**DATA FOR THE TASK**
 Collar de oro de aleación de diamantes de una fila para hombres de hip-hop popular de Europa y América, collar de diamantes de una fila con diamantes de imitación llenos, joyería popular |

* * *

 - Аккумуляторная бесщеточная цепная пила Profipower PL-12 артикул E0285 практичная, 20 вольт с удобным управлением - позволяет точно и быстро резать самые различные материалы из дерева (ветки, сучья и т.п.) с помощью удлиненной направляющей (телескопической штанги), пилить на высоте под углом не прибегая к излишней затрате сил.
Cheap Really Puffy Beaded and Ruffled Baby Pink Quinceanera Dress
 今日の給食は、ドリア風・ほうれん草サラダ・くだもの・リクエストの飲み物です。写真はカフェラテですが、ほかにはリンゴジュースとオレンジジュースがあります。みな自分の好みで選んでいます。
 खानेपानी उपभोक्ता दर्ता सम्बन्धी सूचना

--

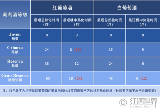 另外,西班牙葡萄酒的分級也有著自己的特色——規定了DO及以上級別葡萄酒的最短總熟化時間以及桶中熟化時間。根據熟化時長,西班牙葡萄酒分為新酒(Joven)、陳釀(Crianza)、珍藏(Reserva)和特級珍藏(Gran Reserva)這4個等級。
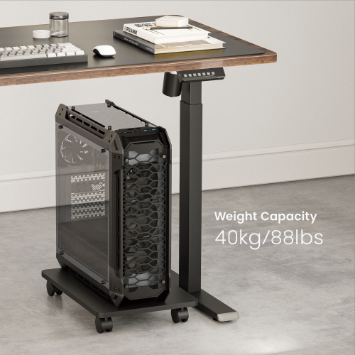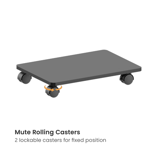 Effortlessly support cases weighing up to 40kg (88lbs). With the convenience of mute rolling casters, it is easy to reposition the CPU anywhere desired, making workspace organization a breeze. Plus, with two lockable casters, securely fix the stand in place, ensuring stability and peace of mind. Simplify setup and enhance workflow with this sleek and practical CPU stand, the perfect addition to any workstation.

**PROBLEM REQUIREMENTS**
What is needed is an exact copy of the lines above, from the one holding "另外,西班牙葡萄酒的分級也有" down to the one holding "Effortlessly support cases", with those two included and the pictures left out.

**RESULT FOR THIS EXERCISE**
 另外,西班牙葡萄酒的分級也有著自己的特色——規定了DO及以上級別葡萄酒的最短總熟化時間以及桶中熟化時間。根據熟化時長,西班牙葡萄酒分為新酒(Joven)、陳釀(Crianza)、珍藏(Reserva)和特級珍藏(Gran Reserva)這4個等級。
 Effortlessly support cases weighing up to 40kg (88lbs). With the convenience of mute rolling casters, it is easy to reposition the CPU anywhere desired, making workspace organization a breeze. Plus, with two lockable casters, securely fix the stand in place, ensuring stability and peace of mind. Simplify setup and enhance workflow with this sleek and practical CPU stand, the perfect addition to any workstation.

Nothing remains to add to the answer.